#### [YOUR OBJECTIVE]
Output, exactly as written, the lines below starting at the line containing "一年一清明,一岁一相思。为继" and ending at the line containing "Objevte jedinečnou zelenou". Drop the pictures and keep both end lines.

#### [DATA SUPPLIED]
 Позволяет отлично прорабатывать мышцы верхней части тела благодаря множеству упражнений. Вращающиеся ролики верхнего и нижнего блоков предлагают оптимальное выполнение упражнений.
...
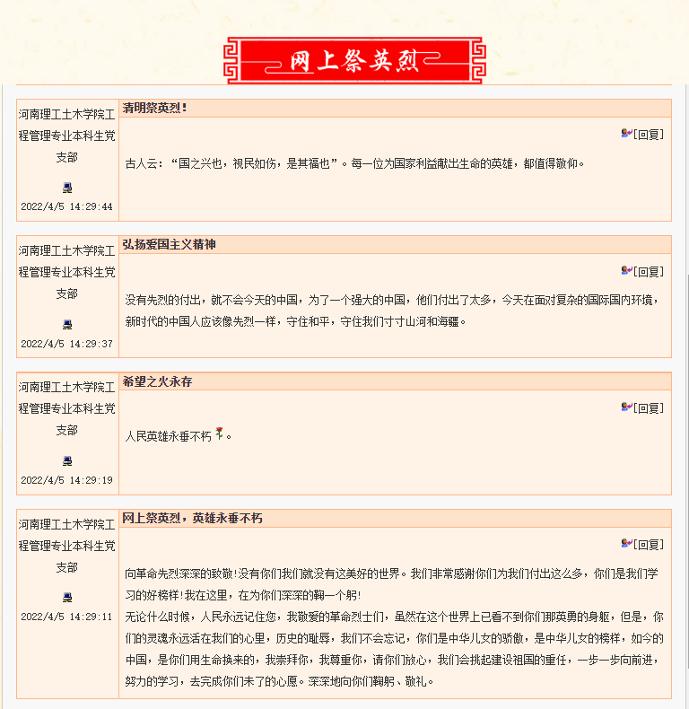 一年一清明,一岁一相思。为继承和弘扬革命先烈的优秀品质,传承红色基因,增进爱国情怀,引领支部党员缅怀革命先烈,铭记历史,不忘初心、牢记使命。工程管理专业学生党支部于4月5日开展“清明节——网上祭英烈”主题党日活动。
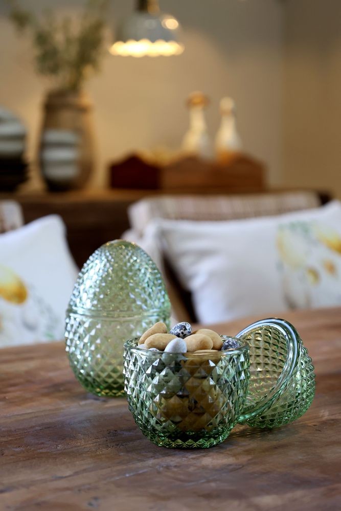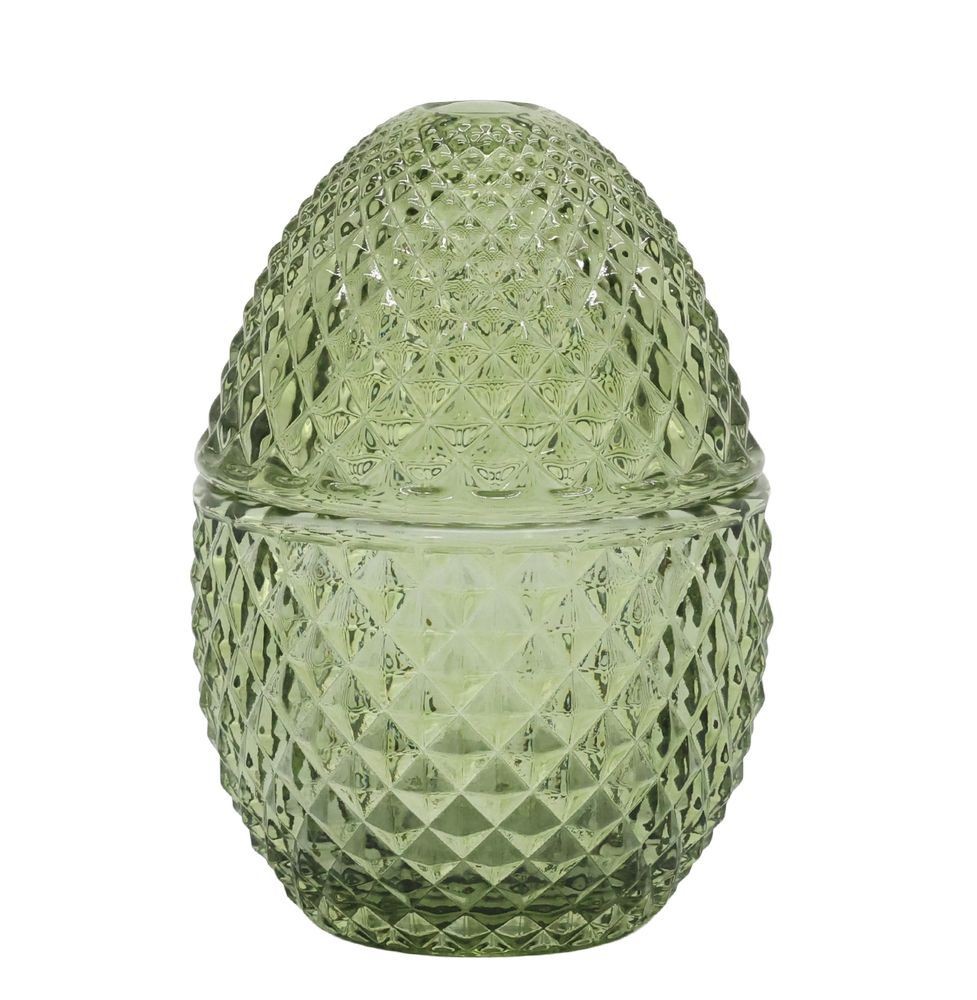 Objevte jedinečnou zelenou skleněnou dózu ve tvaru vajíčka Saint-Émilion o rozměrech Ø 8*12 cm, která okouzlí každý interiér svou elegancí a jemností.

#### [EXERCISE ANSWER]
 一年一清明,一岁一相思。为继承和弘扬革命先烈的优秀品质,传承红色基因,增进爱国情怀,引领支部党员缅怀革命先烈,铭记历史,不忘初心、牢记使命。工程管理专业学生党支部于4月5日开展“清明节——网上祭英烈”主题党日活动。
 Objevte jedinečnou zelenou skleněnou dózu ve tvaru vajíčka Saint-Émilion o rozměrech Ø 8*12 cm, která okouzlí každý interiér svou elegancí a jemností.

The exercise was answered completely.